Mitochondria convert the food you eat into a chemical fuel called ATP that powers nearly every process in your cells. But energy production is only part of the story. These organelles also help control cell death, regulate calcium signaling, produce heat, and synthesize essential molecules like steroid hormones. A typical human cell contains hundreds to thousands of mitochondria, and cells with high energy demands pack in far more.
How Mitochondria Produce Energy
Most of the usable energy your body extracts from carbohydrates and fats comes from a process called oxidative phosphorylation, which happens inside mitochondria. The process works in stages. First, nutrients are broken down into smaller molecules through digestion and initial processing in the cell.

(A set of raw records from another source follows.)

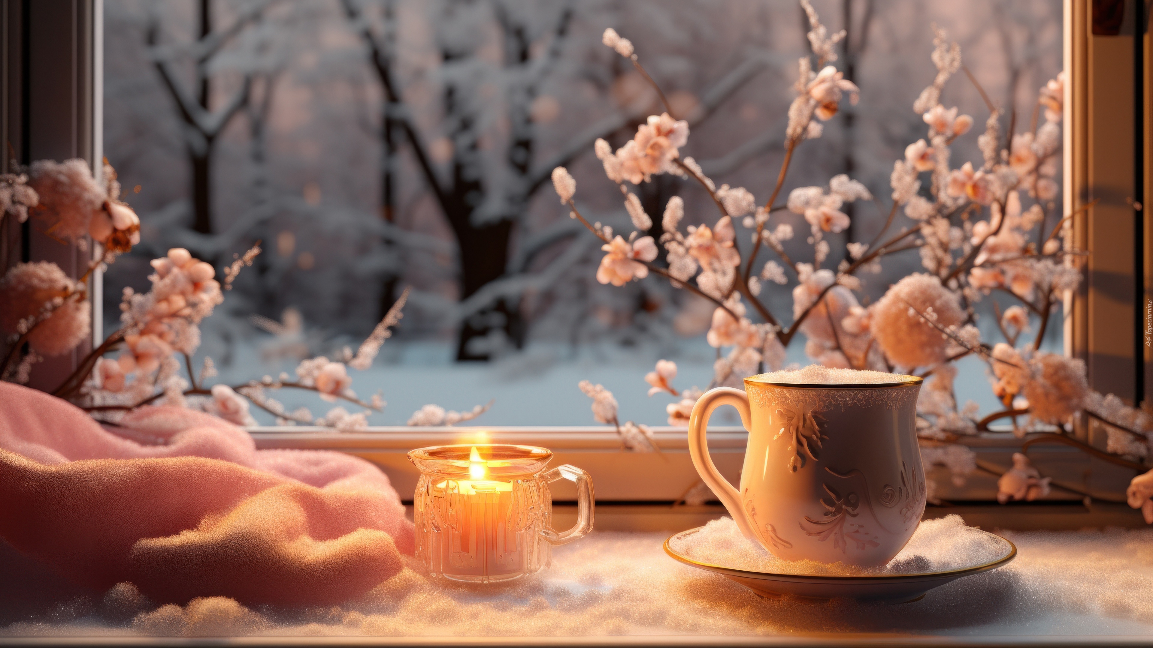 Edytor tapety: Płonąca świeca i filiżanka na parapecie okna
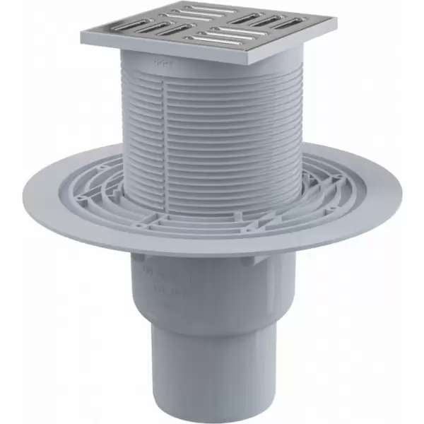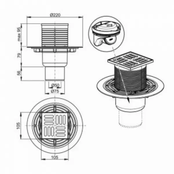 Сливной трап 105 × 105/50/75, подводка – прямая, решетка – нержавеющая сталь, гидрозатвор – мокрый.
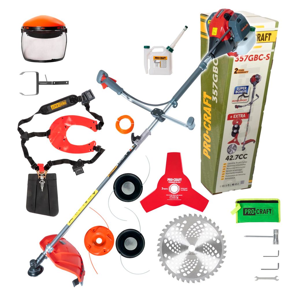 Benzínový křovinořez Procraft 357GBC je určen k sečení a vyžínání travnatých ploch, k odstranění náletů drobných dřevin do průměru 1,5cm . Silný dvoutaktní motor 42,7ccm otáčkách 8000/min zaručuje dostatečný výkon a dlouhou bezporuchovou práci. Ovládání vysouvání struny je poloautomatické. Součástí dodávky je 3x strunová hlava s kovovou spodní částí, pilový kotouč na dřeviny, 3.zubý nůž, ochranná maska, žací struna, nádoba na přípravu palivové směsi, dvouramenný popruh a sada klíčů. Průměr tyče 28mm a 9.hvězdicová zaručí delší životnost převodů. Předepsaná směs oleje a benzínu je 1:40 (při záběhu 1:25) Balení karton.

These reactions produce electron-carrying molecules that deliver their cargo to the inner mitochondrial membrane, where the real energy extraction begins.
The inner membrane houses a series of protein complexes that form an electron transport chain. Electrons pass through four of these complexes in sequence, and at each step, the energy released is used to pump protons (hydrogen ions) from one side of the membrane to the other. This creates a buildup of protons, like water behind a dam. A fifth protein complex then lets those protons flow back through, and the force of that flow drives the assembly of ATP from simpler precursors. Oxygen waits at the end of the chain to accept the spent electrons, combining with protons to form water. This is why you need to breathe: without oxygen as the final electron acceptor, the whole chain stalls.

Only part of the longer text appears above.